As I have often said, that market forces themselves, operating within unfettered free market environments, are the very forces which cause that free market to gravitate towards eventual monopoly, passing through a long oligopoly phase along the way.

Right now, giants like Google, Facebook, Twitter and some others are part of that oligopoly in cyberspace. Over time, some of these big corporations may fall by the wayside due to intense competition and economic conditions, or the oligopoly will stabilise with a handful of big players dominating the scene.

Please don't credit me for mentioning this dialectical-materialist tendency, since it's been observed and identified by many economists over the past centuries, and its operation has been observed in many other industries, such as oil & gas, aerospace, automotive, print and broadcast media, and so on, since long before the advent of the Internet.

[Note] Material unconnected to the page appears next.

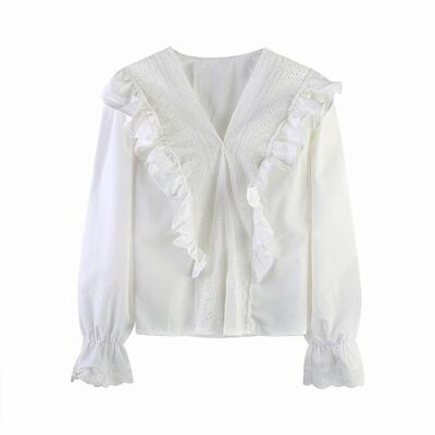 トップス ブラウス フリル レース カットソー 長袖 レディース ボリューム ふんわり きれいめ 上品 清楚 清潔感 エレガント 高級感 お洒落 オシャレ フェミニン ガーリー フェアリー かわいい 大人可愛い 10代 20代 30代 40代 ОL 通勤 シンプル カジュアル 春 夏 秋 冬 オールシーズン こなれ感 女子会 デート モテ 韓国 トレンド 流行 白 ホワイト 無地 薄手 映え SNS 繊細 S М L XL 2XL Vネック 新作 2023 韓国 量産 姫系 ロリータ デコルテ 小顔 鎖骨

For example, when the Boeing 747 airliner first went into commercial services in 1970 with Pan American World Airways, other wide body airliner manufacturers in the United States were McDonnell-Douglas and Lockheed who respectively rolled out their DC10 and L-1011 Tristar offerings, whilst over the Atlantic in Britain, there was Vickers, de Havilland and others who produced civil airliners. However 44 years later, McDonnell-Douglas is now a part of Boeing and Lockheed has dropped out of the civil airline business and now focuses on military aircraft,

Today there's a global oligopoly of two, with Boeing now locked in a battle for survival against Airbus across the Atlantic.

So. By its inherent nature, a free market gravitates towards eventual monopoly.

Another way of putting it is:- The embryo once conceived in the womb, has already begun its long and winding journey towards the tomb.